Keywords

1 Introduction

Human action recognition, as an important biometric technology, has become an active research topic for decades due to their wide applications in video surveillance, video understanding, etc. Researchers used to focus on simple datasets [1, 2] collected from controlled experimental settings. As the increasing demand for understanding the content of real world video, action recognition still remains a challenging task on realistic data sets, which were collected from movies [3], web videos [46], etc. The diversity of realistic video data has resulted in significant challenges due to camera motion, viewpoint changes, occlusion, intra-class variations, complex background, etc.

Fig. 1.
figure 1

Comparison of proposed approach (iDT-RCB) to traditional approach (iDT) for action recognition. Points sampled by iDT-RCB are more effective than iDT. Green trajectories indicate the sampled points have been tracked for fixed length of frames (Color figure online).

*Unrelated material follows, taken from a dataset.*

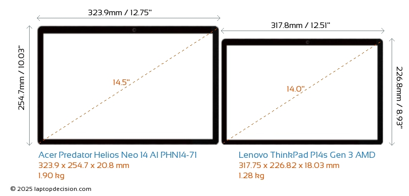 USBBoth Predator Helios Neo 14 AI PHN14-71 and ThinkPad P14s Gen 3 AMD feature 2x USB 3.2 USB-A ports.Both Predator Helios Neo 14 AI PHN14-71 and ThinkPad P14s Gen 3 AMD feature 2x USB 3.2 USB Type-C ports.
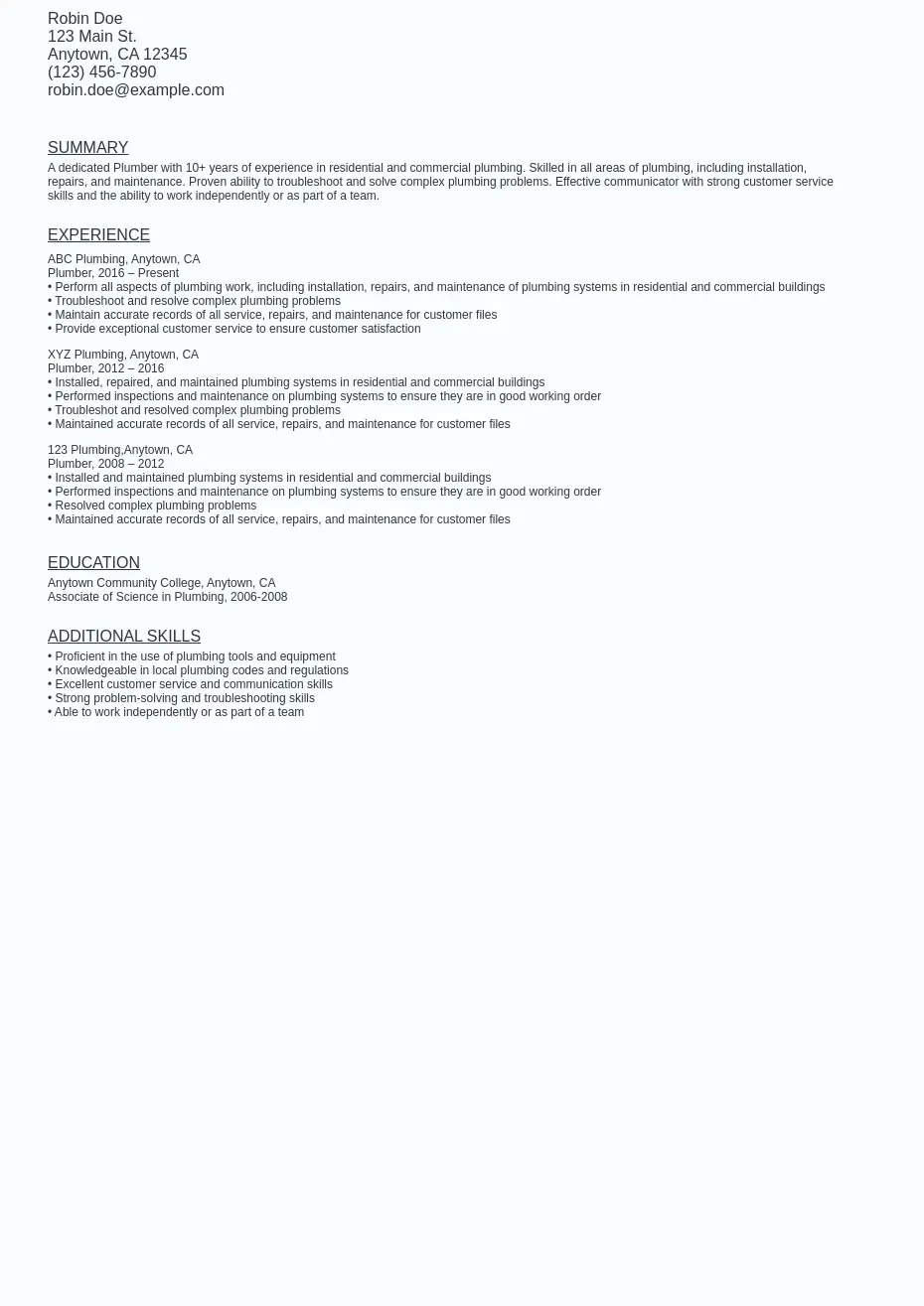 Plumber Resume Sample Template (Free Download) Ziprecruiter

How to represent human action in these realistic videos has been a fundamental problem in action recognition. By far, local space-time features [713] were shown to be successful on these datasets. Laptev [7] extracted space-time interest points (STIP) by extending the Harris detector from image to video. Dollar et al. [8] used 2D spatial Gaussian and 1D temporal Gabor filters to develop salient interest points in video. Willems et al. [9] applied the scale-space theory and Hessian matrix to detect interest points. Kläser et al. [10] proposed a HOG3D descriptor based on 3D-gradients. Sun et al. [11] modeled hierarchical spatio-temporal context via SIFT-based Trajectory. Wang et al. [12] sampled interest points on dense grid in each frame, and tracked them based on dense optical flow.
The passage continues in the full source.